4. PSmOrange фотоконверсии

  1. Поместите образец под микроскопом и конфокальной сканирования образца с указанием зоны, чтобы photoconvert использованием 488 нм и 561 нм лазеров для визуализации GFP и PSmOrange соответственно.
    Примечание: Используйте перевернутую конфокальной лазерной сканирующей микроскопии A1R + на перевернутой ГНАGE TiEcontrolled с помощью программного обеспечения визуализации микроскопа и оснащены 488 нм, 561 нм и 640 нм лазеров для фотоконверсии и визуализации. Однако применение, конечно, не ограничено этим микроскопом тех пор, пока лазерные линии для преобразования и обработки изображений доступны.
    1. Поместите цель 20X воздуха в месте (NA: 0,75; WD: 1.0 мм; угол обзора: 0,64 х 0,64 мм).
    2. Используйте следующие параметры микроскопа для обнаружения белка PSmOrange Перед фотоконверсии: 561 нм лазер, 0,74 мВт, измеренную при фокальной плоскости выше цели.
      Примечание: Это соответствует 40% от этой системы (измерение в фокальной плоскости является единственным способом для определения эффективной мощности). Регулировка мощности лазера согласно экспериментальным потребностей как эффективность инъекций Н2В-PSmOrange может меняться.
    3. Добавить факторы масштабирования, чтобы выделить интересующую область. Увеличениями сократить время получения изображений и, следовательно фототоксичности.
  2. Приобретать Z-стек, закрывающую структуруs интерес, используя 488 нм и 561 нм лазеров в последовательном режиме (режим линии 1-> 4). Закрепить Z-шаг между 1,0 и 2,0 мкм. Линия среднем и частота развертки может быть использован для оптимизации качества изображения.
  3. Сканирование образца и выберите интересующую область (ROI) инструмента, чтобы выделить область для photoconvert. Закрепить ROI как область стимуляции. Выберите модуль стока Активация / отбеливания, активировать 488 нм лазер, проверяя соответствующий флажок и установите 488 нм лазер до 80% (1 мВт мощности лазера, измеренный на цели). Установить скорость сканирования до 0,5 сек / кадр.
  4. Откройте фотопреобразования полезность (ND стимуляции) и задайте параметры фотоконверсии.
    1. Нажмите на команду "Добавить", чтобы указать протокол фотопреобразования.
    2. Набор "Фаза" 1 в меню "Приобретение / стимуляции» на «приобретение» и указать количество изображений, которые будут приобретены до фотоконверсии в меню "петли".
    3. Набор "Фаза" 2 "Stimulation "и ввести номер стимуляции событий должны быть выполнены.
    4. Регулировка "Фаза" 3, как описано для "Фаза" 1. Дополнительно, вставить ожидание "Фаза" после "Фаза" 2 при вводе времени, чтобы ждать до последнего раунда получения изображения.
    5. После того как все параметры заданы, применить настройку стимуляции и запустить фотоконверсии.
      Примечание: Мощность лазера, частота сканирования и число итераций для каждого раунда фотоконверсии может варьироваться и отличаться от эмбриона эмбриона. Установка для запуска с показан в таблице 1.
  5. Приобретать окончательное Z-стек, используя 488 нм, 561 нм и 640 нм лазеров применения настроек, как указано выше. Установите 640 нм лазер для визуализации преобразованный PSmOrange используя высокую мощность лазера (до 4,5 мВт).

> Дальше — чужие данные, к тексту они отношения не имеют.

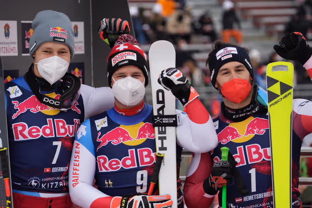 Odermatt übertrieb es bei seinem spielerisch-verwegenen Ritt, indem er ohne Driftschwung an der Hausbergkante nur mit Mühe im Kurs blieb. Feuz nahm dem überlegenen Gesamtweltcup-Führenden am letzten Teilstück die entscheidenden Hundertstel ab. "Klar will man in Kitzbühel zurückschlagen, wenn der Vinc in Wegen gewonnen hat. Mit Odermatt und mir hat das heute gut funktioniert", sagte der seit kurzem zweifache Papa Feuz, der sich seinen ersten Saisonsieg für ein großes Rennen aufgehoben hatte. Ein Jahr nach seinem Streif-Doppel bleibt der 34-Jährige der Kugelblitz von Kitz. Öfter gewonnen haben die Traditions-Abfahrt nur sein Landsmann Didier Cuche (5) und Franz Klammer (4).
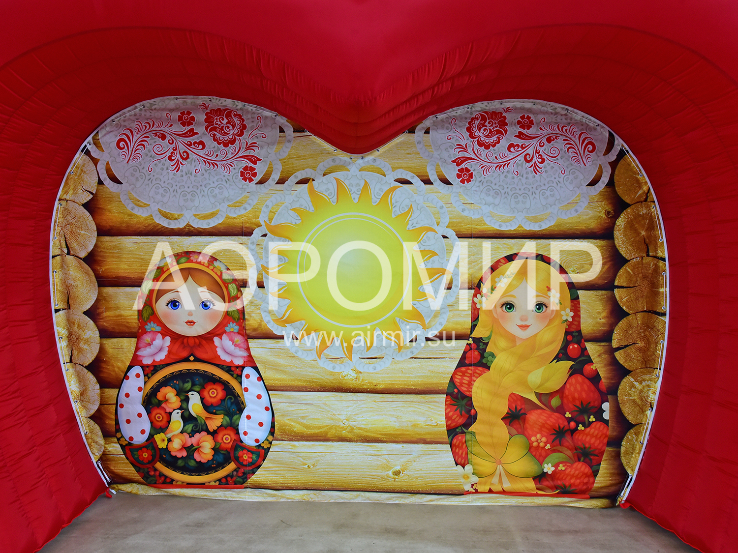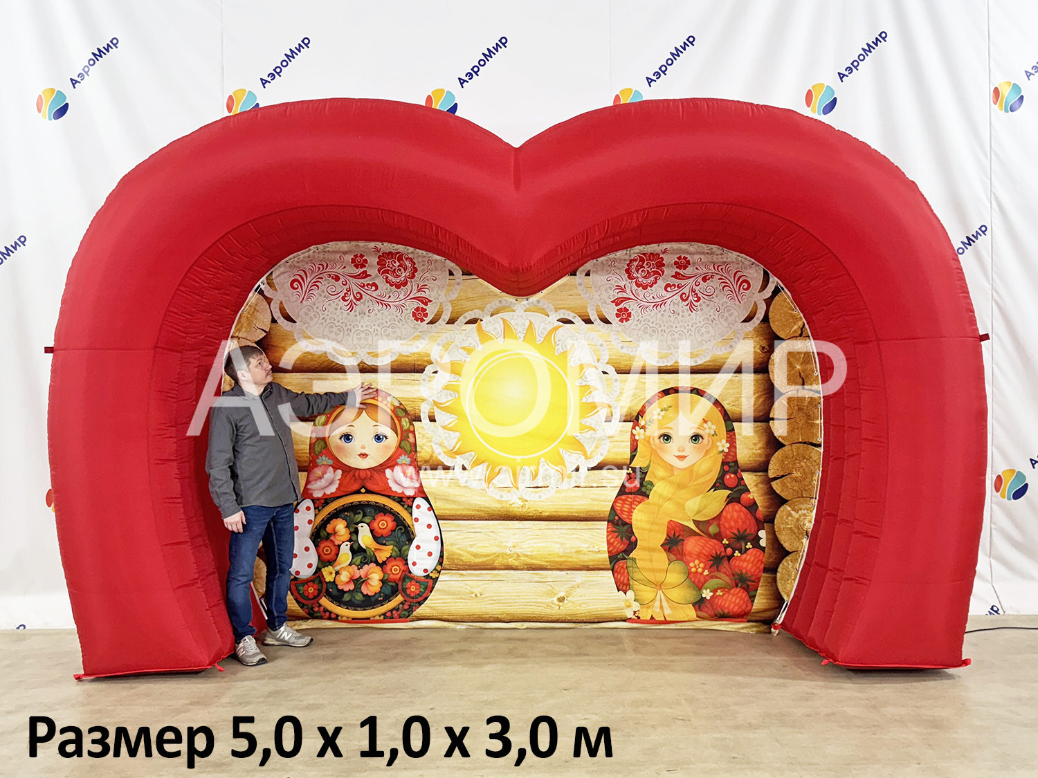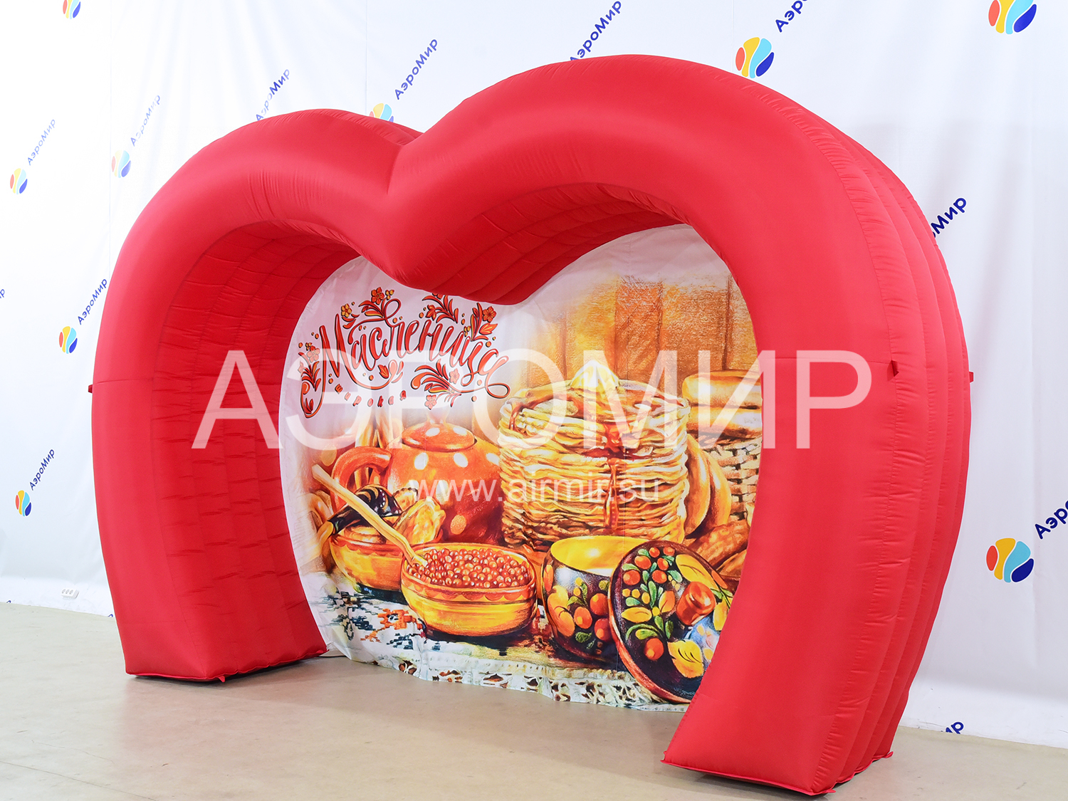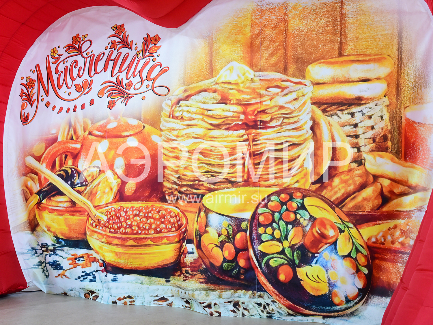 Красивая фотозона с масленичным баннером. Можно оформить входную группу, место фотографирования. Нанесем бренд или рекламный слоган на баннер, и арка станет не только масленичным декором, но и рекламной фигурой.

5. Демонтаж эмбрионов от LMA

  1. Удалить эмбрион, содержащий камеру с микроскопом. Осторожно снимите эмбрион из агарозного Uпеть щипцов.
  2. Передача эмбриона в новом стерилизуют пластиковой чашке Петри или в стерилизованную 6-луночного планшета, содержащего 1x E3 и 0,2 мм ПТУ. Инкубируйте эмбрион при 28 ° С до желаемой стадии развития.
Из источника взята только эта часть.